Its been one year and six months since T1 Diabetes attacked my body. Its been a fast year and a half for sure. In that time has been some tough days, good days, a lot of tough days, easy days, and some Great days.
Most recently I have shifted my life's focus from T1 Diabetes being what consumed me to pouring the best of me into my family, my children, gardening, church, homeschooling, homeschooling groups, meeting new friends, and my home. I can't say that I am totally over coping dealing sometimes, but its a daily thing verses an issue I center my future around. T1 Diabetes is another thing to manage along with all the other daily responsibilities, a daily frustration which affects so much. But the point I am at, is nuff talkin' about managing it better, just DO it. I am not a child newly diagnosed who depends on an adult to do it because they cannot. I am an adult, and adults do what they have to do to take care of their responsibilities. Plus I don't have to allow my emotions to control my day, I stand on God's promises and I am encouraged another second, minute, hour, day all while staying in Faith. Who isn't a daily work in progress? I just want what God wants, his will to be done because he knows best, and through his will I will have all the desires of my heart, because My way no workie. Does this mean I am perfect or have it all figured out, No. I have had well over a year to be "mental" about it after all I am a imperfect person. I just know based on God's current work in my life, I just have to live and be the best me giving my all today. Just today. It makes dealing and fighting the disease easier.

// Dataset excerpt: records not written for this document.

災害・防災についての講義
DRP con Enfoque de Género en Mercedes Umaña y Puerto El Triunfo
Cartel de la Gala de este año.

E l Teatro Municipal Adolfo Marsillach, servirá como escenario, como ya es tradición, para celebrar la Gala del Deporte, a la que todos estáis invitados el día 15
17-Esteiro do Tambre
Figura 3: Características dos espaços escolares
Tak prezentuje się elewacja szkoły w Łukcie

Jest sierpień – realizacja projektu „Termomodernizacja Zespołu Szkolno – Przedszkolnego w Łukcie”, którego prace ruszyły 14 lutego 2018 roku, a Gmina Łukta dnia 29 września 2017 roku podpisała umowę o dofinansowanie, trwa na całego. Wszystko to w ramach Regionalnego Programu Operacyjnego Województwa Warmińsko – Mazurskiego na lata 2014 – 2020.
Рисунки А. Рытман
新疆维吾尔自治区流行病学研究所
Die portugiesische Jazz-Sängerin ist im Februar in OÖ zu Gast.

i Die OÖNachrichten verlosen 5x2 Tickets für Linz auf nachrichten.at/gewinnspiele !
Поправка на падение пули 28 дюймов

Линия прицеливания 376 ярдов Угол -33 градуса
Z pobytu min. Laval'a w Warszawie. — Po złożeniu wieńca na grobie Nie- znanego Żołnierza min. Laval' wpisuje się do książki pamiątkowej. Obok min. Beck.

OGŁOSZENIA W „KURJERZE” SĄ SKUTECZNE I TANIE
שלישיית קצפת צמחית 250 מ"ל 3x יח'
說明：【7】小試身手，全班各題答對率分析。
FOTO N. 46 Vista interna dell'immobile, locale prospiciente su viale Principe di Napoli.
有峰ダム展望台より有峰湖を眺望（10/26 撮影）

As far as how I am managing the Diabetes better, well like I said its a day at a time deal. For real. I do better some days than others. I have the knowledge on what to do, it's just applying it, day by day! Checking sugar before I eat, counting carbs, using the sliding scale better, being disciplined, consistent, exercising, and reminding myself to daily depend on the Lord when I DON'T feel like doing any of it. Change doesn't happen overnight, as our Pastor says, "inch by inch its a cinch." I am taking steps, as small as they are, I am doing better dealing with the Diabetes. My A1c (report card on how well the Diabetes is being managed) went from a 9.3 to 8.7, which is better. Ideally it needs to be around a 6, and I will get there.
Matthew 6:34 (The Message) 34"Give your entire attention to what God is doing right now, and don't get worked up about what may or may not happen tomorrow. God will help you deal with whatever hard things come up when the time comes. "
Praise the Lord, for my Hope is in him! That verse has strength, encouragement, and a promise from God himself. I just keep walking and look up when I grow weary because each day has enough things to do then to think about what hasn't even happened yet! I draw support from reading other blogs from people who are dealing also, and I gain insight, encouragement from them as well. All together, I am changing my thinking about T1 Diabetes, I still hate it with a passion, but I am not going to focus on the negatives. With God all things are possible, so I just trust in Him, and still claim healing over my body.. I'm staying in faith about it.
Sharing one victory at a time, one blog at a time, one day at a time, Praising Jesus the whole way.